For me, that was Tolerance = 2 - 2 = 0 tolerance. Oops.

This is not a problem on all inserts. Running

dse$ bin/cqlsh -uUSER - pPASSWORD
Connected to PhillsCassandraCluster at 192.168.1.15:9160.
[cqlsh 4.1.1 | Cassandra 2.0.11.83 | DSE 4.6.0 | CQL spec 3.1.1 | Thrift protocol 19.39.0]
Use HELP for help.

and inserting worked fine. But this is because cqlsh uses a different consistency level.

cqlsh> consistency
Current consistency level is ONE.

so, let's change that:

cqlsh> consistency TWO

Consistency level set to TWO.

Now do the inserts fail? Well sometimes. It depends on which nodes we attempt to write to, something transparent to the user.


The Problem

Cassandra will try to put a piece of data on REPLICATION_FACTOR number of nodes. These nodes will be determined by hashing their primary key. If a node is down, Cassandra will not choose another. It simply cannot be written to at this time (of course, it might get the data if/when the node joins the cluster).

Upon inserting, the client decides how many nodes must be successfully written to before the INSERT is declared a success. This number is given by your CONSISTENCY_LEVEL. If the contract cannot be fulfilled then Cassandra will barf.


Further Reading

Application Failure Scenarios with Cassandra

Lightweight Transactions in Cassandra 2.0


Monday, February 23, 2015

Cassandra For the Busy - Part 1


A quick guide to Cassandra admin

From the Cassandra installation directory, running:

bin/nodetool -uUSER -pPASSWORD -hNODE ring KEYSPACE

(where the username, password, node and keyspace correspond to whatever you set up) produces data that reads like this:

Token is a number between Long.MIN_VALUE and Long.MAX_VALUE that is used in hashing the key. (See org.apache.cassandra.dht.Murmur3Partitioner.describeOwnership for how ownership is calculated over  a cluster using something like a MurmerHash algorithm. This is the default for Cassandra ).

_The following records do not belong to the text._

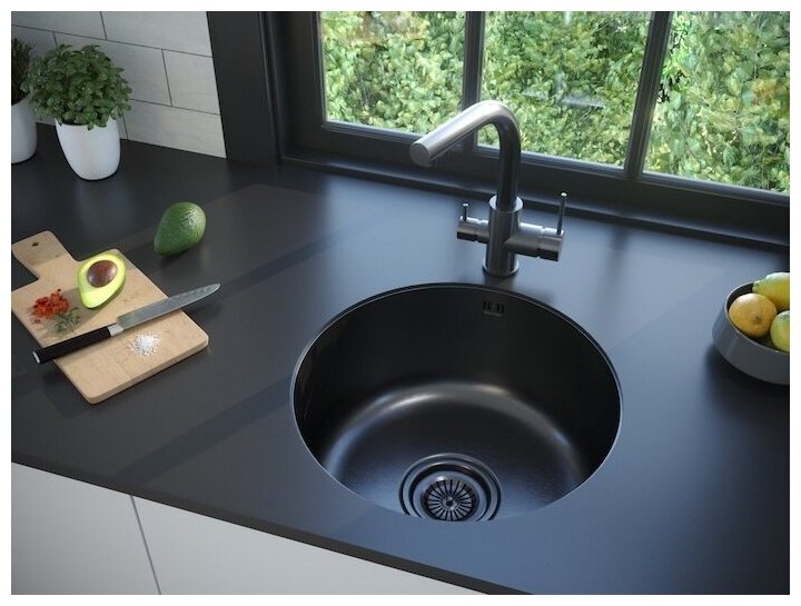 Мойка кухонная Zorg SZR-500 GRAFIT графит черная, круглая, толщина 1,5 мм
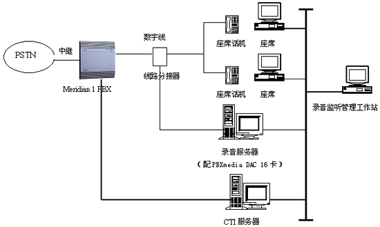使用Music Telecom PBXmedia DAC 16線數(shù)字PBX錄音監(jiān)聽接口卡,直接與北電Meridian 1交換機(jī)的數(shù)字用戶線的分接線連接,實(shí)現(xiàn)并線錄音。其物理結(jié)構(gòu)如下所示:
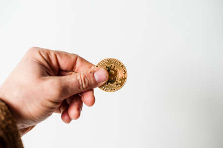 bitcoin electronic coin holding in the hand white background

Load refers to how much has been flushed to disk. Therefore, this may take some time to register a change after you have truncated a table containing 10 million rows. This appears to correspond to org.apache.cassandra.service.StorageService.getLoad().

Owns This represents how much of the ring range a token covers. Note: it might not add up to 100%. "For DC [data centre] unaware replication strategies, ownership without replication will be 100%" (see code comments here. for org.apache.cassandra.service.StorageService.effectiveOwnership). But with replication, it appears to be 100% * the replication factor.


Saturday, February 21, 2015

Type Constructors


Type Constructors in Java and Scala

In "Functional Programming in Scala", I came across this code:

trait Foldable[F[_]] { ...

This is an example of something common in Java and Scala: type constructors.

"We write it as F[_], where the underscore indicates that F is not a type but a type constructor that takes one type argument. Just like functions that take other functions as arguments are called higher-order functions, something like Foldable is a higher-order type constructor or a higher-kinded type.

"Just like values and functions have types, types and type constructors have kinds. Scala uses kinds to track how many type arguments a type constructor takes, whether it’s co- or contravariant in those arguments, and what the kinds of those arguments are." [1]

However, each language differs in their use of type constructors.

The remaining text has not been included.